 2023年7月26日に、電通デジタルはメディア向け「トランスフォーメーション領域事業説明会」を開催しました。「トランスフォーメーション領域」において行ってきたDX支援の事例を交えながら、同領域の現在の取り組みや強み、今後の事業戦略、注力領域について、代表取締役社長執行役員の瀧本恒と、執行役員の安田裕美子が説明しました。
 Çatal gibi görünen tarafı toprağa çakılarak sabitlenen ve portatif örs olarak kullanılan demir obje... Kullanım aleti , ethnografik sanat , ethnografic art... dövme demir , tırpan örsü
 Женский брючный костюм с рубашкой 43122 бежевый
* * *
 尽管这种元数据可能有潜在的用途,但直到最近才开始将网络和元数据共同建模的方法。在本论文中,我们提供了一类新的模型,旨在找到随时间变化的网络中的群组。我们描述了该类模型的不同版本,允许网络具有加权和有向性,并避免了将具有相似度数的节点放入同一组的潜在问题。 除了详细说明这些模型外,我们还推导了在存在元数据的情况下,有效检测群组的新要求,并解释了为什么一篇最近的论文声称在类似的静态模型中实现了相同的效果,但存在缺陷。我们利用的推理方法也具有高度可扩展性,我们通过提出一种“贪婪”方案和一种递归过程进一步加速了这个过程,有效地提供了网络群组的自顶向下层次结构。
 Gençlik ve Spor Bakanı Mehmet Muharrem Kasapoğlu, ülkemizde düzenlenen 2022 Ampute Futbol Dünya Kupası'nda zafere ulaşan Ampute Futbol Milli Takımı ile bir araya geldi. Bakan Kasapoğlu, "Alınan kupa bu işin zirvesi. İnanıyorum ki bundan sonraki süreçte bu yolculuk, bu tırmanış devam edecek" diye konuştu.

*PROMPT*.
All lines in the data above from the one with "2023年7月26日に、電通" through the one with "Женский брючный костюм" must be repeated exactly, and no others.

*EXERCISE ANSWER*.
 2023年7月26日に、電通デジタルはメディア向け「トランスフォーメーション領域事業説明会」を開催しました。「トランスフォーメーション領域」において行ってきたDX支援の事例を交えながら、同領域の現在の取り組みや強み、今後の事業戦略、注力領域について、代表取締役社長執行役員の瀧本恒と、執行役員の安田裕美子が説明しました。
 Çatal gibi görünen tarafı toprağa çakılarak sabitlenen ve portatif örs olarak kullanılan demir obje... Kullanım aleti , ethnografik sanat , ethnografic art... dövme demir , tırpan örsü
 Женский брючный костюм с рубашкой 43122 бежевый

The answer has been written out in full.